- Opening Delimiter -

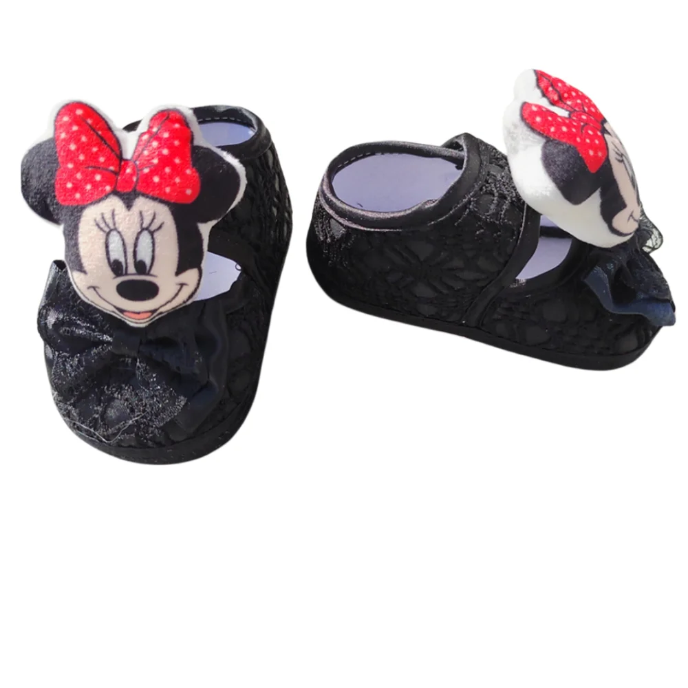 [1 par] Disney Anime Minnie Mouse 0-8 meses recién nacido bebé niña primeros andadores zapatos con muñeco de peluche algodón calcetín de suelo interior
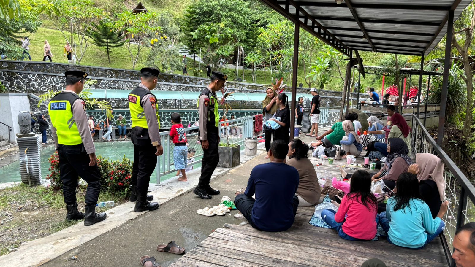 Personel Pamobvit melakukan pemantauan langsung situasi kawasan wisata, menyapa pengunjung, serta memberikan imbauan kamtibmas secara humanis.
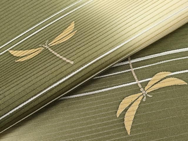 夏物 世界的友禅作家 千地泰弘 小紋 反物 着尺 絽 トンボ 暈し染 国防色 宮腰織物謹製 s 5
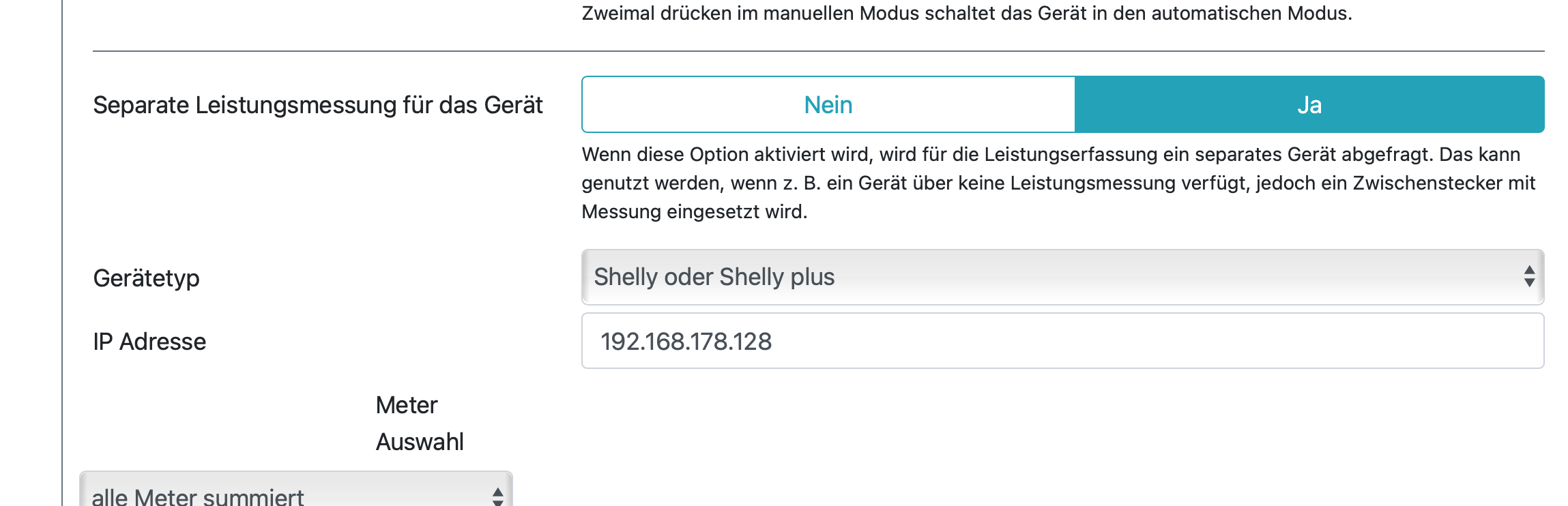 Hab schonmal probiert "Gerätetyp" = kein Gerät und "Separate Leistungsmessung für das Gerät"=Ja zu setzen, das bringt aber keine Änderung.
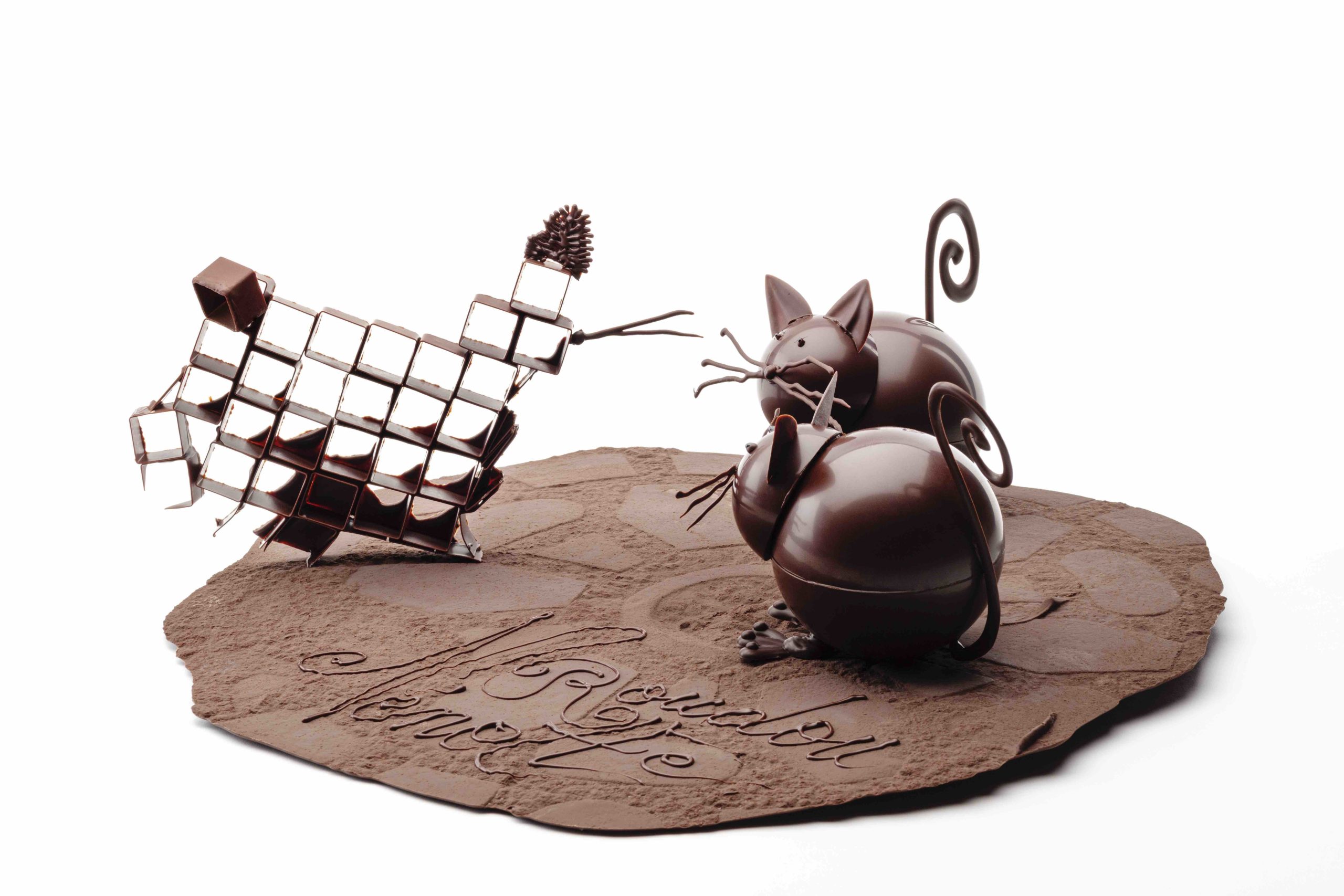 Connexion gourmande entre le chef de la création Lenôtre Guy Krenzer, le chef chocolatier Marc Sibold et le pâtissier MOF Jean Christophe Jeanson : au final 5 animaux malicieux dont un mouton Peluche, une vache Rieuse, un lapin Taquin, un cochon Trompette…
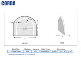 - Corda's half-moon shaped mirror is unique and "mirrored" by a 1.18" thick inset light band illuminated by bright LEDs that follows the contour of the mirror itself.
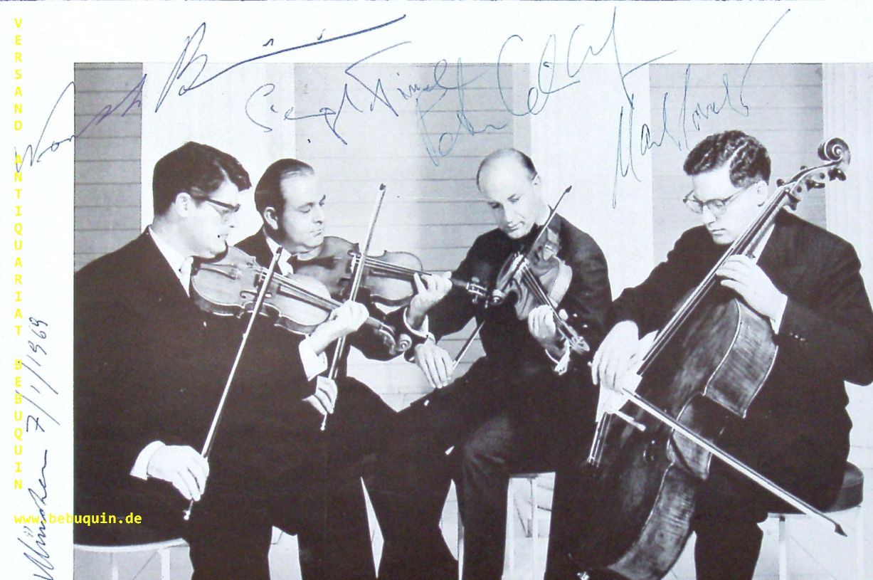 AMADEUS QUARTET.– SCHIDLOF, Peter + BRAININ, Norbert + NISSEL, Siegmund + LOVETT, Martin: eigenhändig von allen signierte und datierte Portraitseite. München, 7.1.1969. 13 x 19,5 cm 1 Bl. Das Amadeus-Quartett war ein bekanntes Streichquartett des 20. Jahrhunderts. Es wurde 1947 in London gegründet. (Wikipedia)
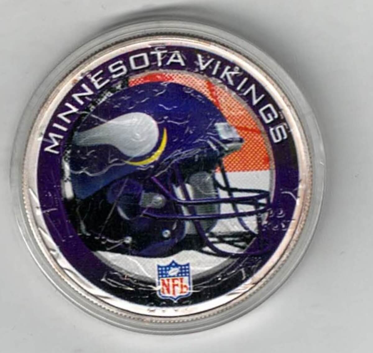 Boxed 2007 Silver USA One Ounce Eagle Colourised NFL Minnesota Vikings Coin In Near Mint Condition.

- Closing Delimiter -

### Your assignment
Everything from the line with "夏物 世界的友禅作家 千地泰弘" through the final line of the records above should be written out exactly, minus the pictures.

### Response
 夏物 世界的友禅作家 千地泰弘 小紋 反物 着尺 絽 トンボ 暈し染 国防色 宮腰織物謹製 s 5
 Hab schonmal probiert "Gerätetyp" = kein Gerät und "Separate Leistungsmessung für das Gerät"=Ja zu setzen, das bringt aber keine Änderung.
 Connexion gourmande entre le chef de la création Lenôtre Guy Krenzer, le chef chocolatier Marc Sibold et le pâtissier MOF Jean Christophe Jeanson : au final 5 animaux malicieux dont un mouton Peluche, une vache Rieuse, un lapin Taquin, un cochon Trompette…
 - Corda's half-moon shaped mirror is unique and "mirrored" by a 1.18" thick inset light band illuminated by bright LEDs that follows the contour of the mirror itself.
 AMADEUS QUARTET.– SCHIDLOF, Peter + BRAININ, Norbert + NISSEL, Siegmund + LOVETT, Martin: eigenhändig von allen signierte und datierte Portraitseite. München, 7.1.1969. 13 x 19,5 cm 1 Bl. Das Amadeus-Quartett war ein bekanntes Streichquartett des 20. Jahrhunderts. Es wurde 1947 in London gegründet. (Wikipedia)
 Boxed 2007 Silver USA One Ounce Eagle Colourised NFL Minnesota Vikings Coin In Near Mint Condition.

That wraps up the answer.